April 22, 2021

8.45 am: A short walk/communion, taking in the cemetery, Plascrug Avenue, and the Vicarage Field:

8.30 am: I made ready for my day of third year painting tutorials held, first, online and afterwards at the School. The temperature was rising. Things were coming into focus. 9.00 am: ‘Camera. Sound. Action!’ Online teaching does have some advantage over face-to-face encounters. Tutee and tutor aren’t battling to be heard behind masks at twenty paces; on screen, the tutor can get close to the image without the tutee having to back themselves into a corner in order to maintain a distance; and there’s no need to clean every surface they’ve been in contact with before the next tutee arrives. 11.00 am: Off to School, under the cherry blossom, to 216 for the beginning of an encounter in three dimensions.

The smell of emulsion paint should be in the air, and the dull thud of 8 x 4 boards being walked across the studios above my room, audible at this time of year. The quietness was unnerving. 3.00 pm: The Thursday afternoon respite, lubricated with Lucozade and a walk into the School’s front garden. Were it not for the pandemic, I don’t think I’d have grown in my appreciation of its trees so greatly:

5.00 pm: A conclusion. Some observations and principles derived from today’s engagements:

  • T: ‘We each have our bug to bear’.
  • T: ‘Aim for quality, consistency, coherence, and continuity as you develop a criteria by which to discern your “best work”‘.
  • T: ‘The most ordinary objects can be invested with an incomparable significance by association with events, people, moments that have meant a great deal to you in the past’. But significance can also be imparted to objects by the very act of seeing and representing them’.
  • A melancholy that’s between joy and sadness, sweetness and bitterness.
  • T: ‘So often we understand what we’ve done only after we’ve done it’.
  • I wondered what type of work the students would be making now had the pandemic not occurred. In other words, how has this period imprinted itself upon their psyches and, thus, their creative imagination and motivations?
  • T: ‘What do you want to do after your degree?’ S: ‘Make stuff and sell it!’
  • There was a moment of realisation (the sound of the penny’s drop), when the student’s interests across their joint-honours subjects, and between the modules they were presently studying, along with aspects of their home-life, coalesced in a remarkable way.
  • T: ‘You need produce only as many works as are required to persuasively prosecute the case that you’re making through those works’.
  • T: ‘You don’t have to give the works titles, but you do have to justify not titling them’.

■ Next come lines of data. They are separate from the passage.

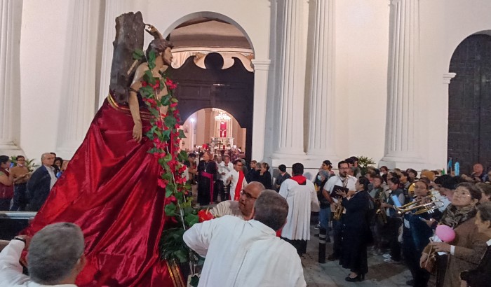| Veracruz, Ver.- (AVC/José Juan García) La comunidad católica celebró a San Sebastián mártir, el patrono de la ciudad de Veracruz, con una procesión por el Centro Histórico y una misa en la Catedral de Nuestra Señora de la Asunción. La procesión inició en el Tranvía del Recuerdo y continuó por la avenida Independencia hasta llegar a la Catedral. La imagen de San Sebastián mártir se llevó al frente. El contingente fue encabezado por el obispo Carlos Briseño Arch, quien fue seguido de sacerdotes, acólitos, ex alumnos y maestros del programa Orquestando Cumbia y los feligreses. Elementos de la Dirección de Tránsito y Vialidad Municipal cortaron momentáneamente la circulación al paso del contingente. Obispo, sacerdotes y feligreses reflexionaron sobre la vida del patrono de la ciudad de Veracruz a lo largo del recorrido, destacando que dio testimonio de su fe entregando incluso la vida. También se pidió por la paz en las familias y en el mundo, por los gobernantes para que trabajen por la paz y la justicia, por los jóvenes para que crezcan en los valores buscando la paz que Dios ofrece al mundo, por quienes realizan su servicio militar para que Dios los proteja y por quienes han muerto en las guerras para que Dios los acepte en su presencia. "Imitemos a San Sebastián amando a Dios como lo hizo él, no de palabra ni de Boca, sino con obras y según la verdad, dando testimonio de vida", pidió uno de los colaboradores del obispo. Al llegar a la Catedral, la imagen del santo patrono se bajó de una camioneta donde se le transportó. El obispo Carlos Briseño Arch roció agua bendita sobre la imagen de San Sebastián antes de ingresar a la Catedral. Una vez que se le dio la bienvenida, se le ingresó al templo y se le colocó a un costado del presbiterio. Ahí se concluyó con una reflexión sobre los dos martirios que sufrió Sebastián, a quien se elevó a los altares precisamente por derramar su sangre al igual que Cristo, dando testimonio de su fe y amor. El contingente que participó en la procesión resultó menor que en otras ocasiones. Incluso, los fieles no llenaron las bancas de la Catedral. A las siete de la noche, el obispo Carlos Briseño Arch presidió la misa solemne en honor al patrono de la ciudad de Veracruz. Cabe mencionar que el paseo acuático por la bahía sur del puerto de Veracruz no se organizó en este 2026 por las condiciones meteorológicas que imperaron en la costa central, además de que tampoco se realizó el Festival del Pescador, el cual benefició a los hombres de las redes y a sus familias en años anteriores.
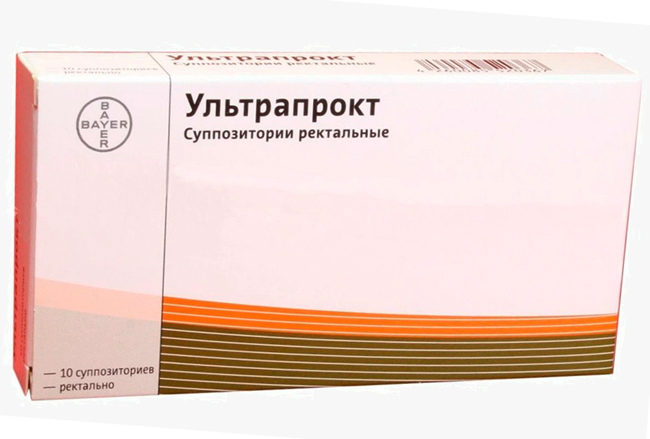 - Ультрапрокт. Сильнодействующий препарат, показан при воспалениях, нагноениях, обширных отеках.Одинаково хорошо воздействует на внутренний и внешний геморрой, обезболивает, обладают антибактериальным и противоопухолевым эффектом. В состав включен анестетик цихнокаин и флуокортолон с выраженным противовоспалительным действием.
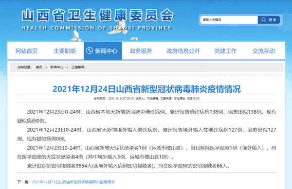 2021年12月23日0-24时,山西省新增无症状感染者1例(运城市稷山县),当日解除医学观察1例(境外输入)。尚在医学观察的无症状感染者4例(其中境外输入3例,运城市稷山县1例)。

6.30 pm: Practise session. 7.30 pm: The Thursday round-up, followed by a review of tomorrow morning’s final Art/Sound lecture, and the continued updating of my main website’s contents.

‘This is passed and seen this every time I walk to the School of Art. But I’ve understood its implications only now, following the conversation we had yesterday’ (JH > AB, Teams chat, April 22, 2021).